_Your instructions_
At the line containing "こんにちは☼ 緑ヶ丘店です🚗 3月営業日カレンダーです💡", begin retyping, and stop after the last line of the data; add nothing.

_Supplied records_

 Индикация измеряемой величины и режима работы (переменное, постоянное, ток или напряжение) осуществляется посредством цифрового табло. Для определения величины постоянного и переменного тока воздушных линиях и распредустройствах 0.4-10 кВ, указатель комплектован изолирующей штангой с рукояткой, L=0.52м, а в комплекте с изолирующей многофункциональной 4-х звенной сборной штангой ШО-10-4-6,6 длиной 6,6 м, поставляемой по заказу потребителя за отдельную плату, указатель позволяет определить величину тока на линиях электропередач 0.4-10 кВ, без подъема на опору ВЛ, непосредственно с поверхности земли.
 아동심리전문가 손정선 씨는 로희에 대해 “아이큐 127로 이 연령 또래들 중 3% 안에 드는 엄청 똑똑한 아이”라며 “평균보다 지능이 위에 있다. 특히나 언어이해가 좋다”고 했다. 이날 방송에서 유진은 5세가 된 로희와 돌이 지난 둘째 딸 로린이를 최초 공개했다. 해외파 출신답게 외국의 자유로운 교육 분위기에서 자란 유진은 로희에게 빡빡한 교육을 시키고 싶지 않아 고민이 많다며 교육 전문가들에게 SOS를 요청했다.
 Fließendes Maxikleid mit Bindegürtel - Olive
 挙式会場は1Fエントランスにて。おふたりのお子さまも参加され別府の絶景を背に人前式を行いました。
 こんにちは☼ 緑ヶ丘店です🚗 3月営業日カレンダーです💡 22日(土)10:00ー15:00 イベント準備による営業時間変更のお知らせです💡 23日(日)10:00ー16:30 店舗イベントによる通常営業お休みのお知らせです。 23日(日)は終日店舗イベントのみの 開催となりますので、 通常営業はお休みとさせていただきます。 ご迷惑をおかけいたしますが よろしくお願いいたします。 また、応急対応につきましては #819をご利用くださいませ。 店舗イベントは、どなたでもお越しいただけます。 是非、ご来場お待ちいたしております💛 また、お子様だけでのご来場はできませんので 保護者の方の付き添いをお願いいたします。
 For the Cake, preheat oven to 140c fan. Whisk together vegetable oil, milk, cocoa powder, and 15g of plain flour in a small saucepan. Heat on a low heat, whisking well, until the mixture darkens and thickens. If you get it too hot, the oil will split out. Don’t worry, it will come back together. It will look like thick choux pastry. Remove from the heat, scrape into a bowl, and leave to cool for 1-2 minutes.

_Final answer_
 こんにちは☼ 緑ヶ丘店です🚗 3月営業日カレンダーです💡 22日(土)10:00ー15:00 イベント準備による営業時間変更のお知らせです💡 23日(日)10:00ー16:30 店舗イベントによる通常営業お休みのお知らせです。 23日(日)は終日店舗イベントのみの 開催となりますので、 通常営業はお休みとさせていただきます。 ご迷惑をおかけいたしますが よろしくお願いいたします。 また、応急対応につきましては #819をご利用くださいませ。 店舗イベントは、どなたでもお越しいただけます。 是非、ご来場お待ちいたしております💛 また、お子様だけでのご来場はできませんので 保護者の方の付き添いをお願いいたします。
 For the Cake, preheat oven to 140c fan. Whisk together vegetable oil, milk, cocoa powder, and 15g of plain flour in a small saucepan. Heat on a low heat, whisking well, until the mixture darkens and thickens. If you get it too hot, the oil will split out. Don’t worry, it will come back together. It will look like thick choux pastry. Remove from the heat, scrape into a bowl, and leave to cool for 1-2 minutes.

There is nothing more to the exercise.